1. Download the starting code
from our virtual learning
environment (Blackboard)
2. Open the code with your
IDE (e.g. Eclipse or IntelliJ)
3. Go through the lab
worksheet
4. Right-click on a special file
and click on "Submit to
AutoFeedback" (two clicks!)
7. AutoFeedback - how does a student see feedback? (I)
● The submission process will
ZIP your code and send it
to AutoFeedback
○ AF queues submissions: if we
get many at once, you will
just wait a bit longer!
● It also opens a browser tab
that will eventually refresh
with the results
● Keep working on the
feedback and resubmitting!
● Ask staff if something is
unclear!
8. AutoFeedback - how does a student see feedback? (II)
● Each lab has its own
collection of tests, with:
○ Marks for passing the test
○ Feedback if passed
○ Feedback if failed
● Colors:
○ Passed: green
○ Crashed: yellow
○ Failed: green
● AF uses popular testing tools:
○ Maven
○ JUnit 5
○ Mockito
○ JavaParser
○ TestFX
9. AutoFeedback - how is it made?
● AutoFeedback is a system, not just one tool!
● AF has two main parts:
○ The AutoFeedback website - written in PHP using the Laravel web framework
■ Runs 24/7 inside a server in Aston, with automated backups and system upgrades
○ The AutoFeedback Maven plugin - written in Java
■ Runs from the IDE in your computer - submits your code and opens the browser tab
10. AutoFeedback - how is the website made? (I)
● Remember the risks around letting buggy code crash our server?
● To protect against that, we use "containerization" with Docker:
○ Each container is effectively running as if they were on a separate computer
○ We can impose CPU/disk/memory limits on containers - each submission gets:
■ Half a CPU core, for up to 10 minutes
■ 100MB of disk space - gets erased automatically after marking
■ 512MB of memory
● We use containers for all the other parts of the AF website, too
○ Containers ensure the website is set up exactly the same everywhere
○ No more "but it works on my machine!" :-)

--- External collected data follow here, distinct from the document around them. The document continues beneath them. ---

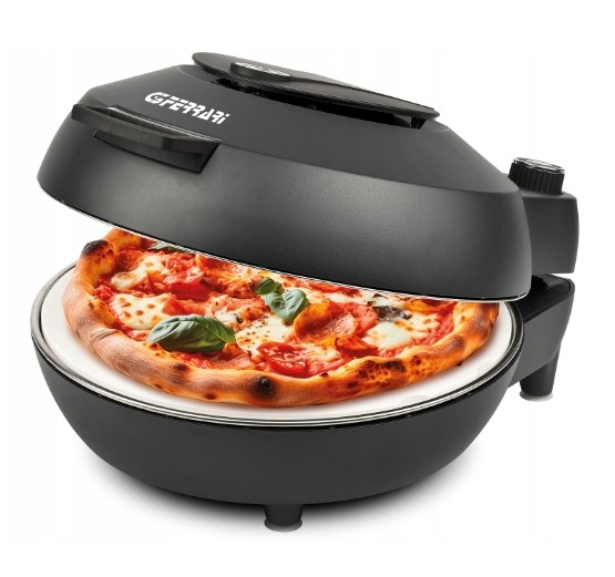 Pizza pec G3Ferrari G10199 - pec na pizzu • vyjímatelná kamenná deska o průměru 31 cm • 2 samostatná topná tělesa • příprava pizzy za pouhé 4 minuty • teplota až 420 °C • 5 teplotních stupňů • otočné ovladače • nerezové lopatky o průměru 28 cm • příkon 1200 W • hmotnost 5,2 kg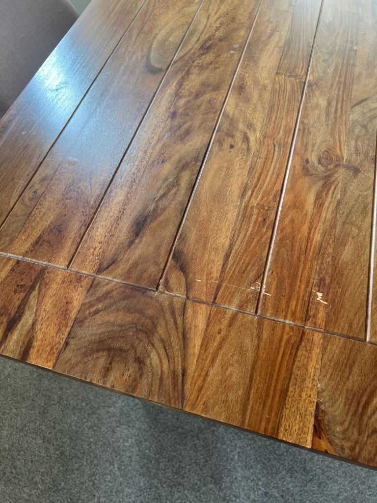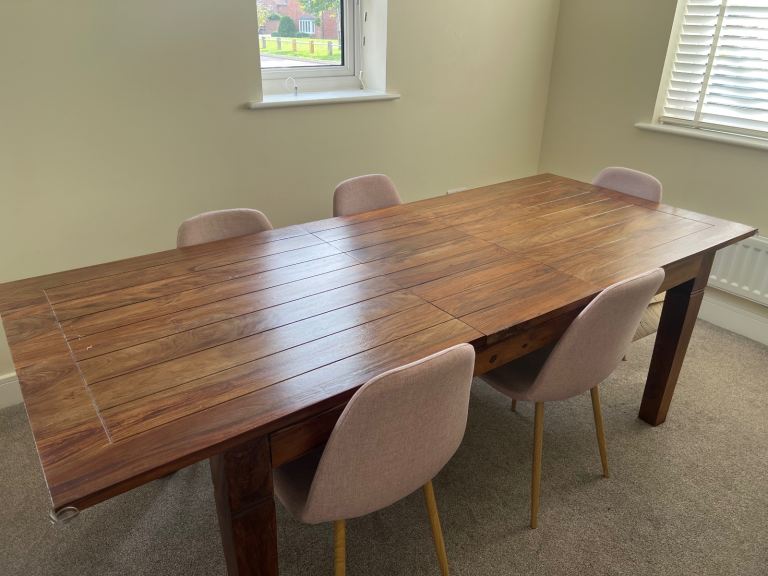 Stunning elegant and heavy dining table made of sleeper wood. Many happy times around this table. It has a middle leaf that extends the table. Damage mark on short edge (pictured) which can be covered using a table runner.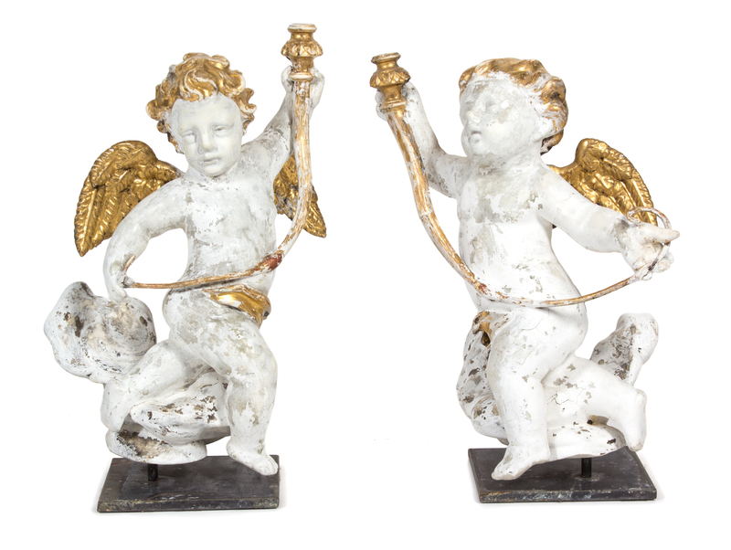A Pair of Italian Carved Painted, and Parcel Gilt Putti Single Light Candelabra Height 22 3/4 x width 13 x depth 13 inches.

11. AutoFeedback - how is the website made? (II)
● Our Docker containers:
○ nginx is the web server - it receives
HTTP(S) connections and serves static
files (CSS, JS, images) directly.
○ "app" is the application server - it renders
web pages and schedules jobs to process
student code into a queue.
○ The "default-worker"s process non-Java
background jobs coming from "app" (e.g.
marking or importing Blackboard users).
○ The "java-worker"s run student code
under CPU/RAM/disk limits.
○ We use MariaDB for storing data, and
Redis for storing push notifications and
the job queue.
○ Laravel Echo delivers push notifications.
12. AutoFeedback - how is the website kept up to date?
● We use the Git version control system to track all our changes to AF
● The AF code is hosted in Gitlab: all changes undergo automated tests
○ This is known as Continuous Integration (CI)
● If the code passes all tests, it is automatically deployed in the server:
○ This is known as Continuous Delivery (CD)
○ CD prevents breaking the server due to a mistake doing some manual upgrade step
13. AutoFeedback - what is next?
● Supporting other languages besides Java:
○ Planned redesign around the Kubernetes orchestration platform
○ Could support anything that produces a JUnit XML file (there
are testing tools like that for PHP, JavaScript, Python…)
● Improving the feedback:
○ Allowing students to ask questions in AutoFeedback if it's not clear enough
○ Integrating videos on top of text for feedback
● Showing lecturers the most common mistakes students make
● Supporting "micro-assessments" with code written from the website
○ Good for first-time programmers doing very short programs
○ May be useful for the first few weeks!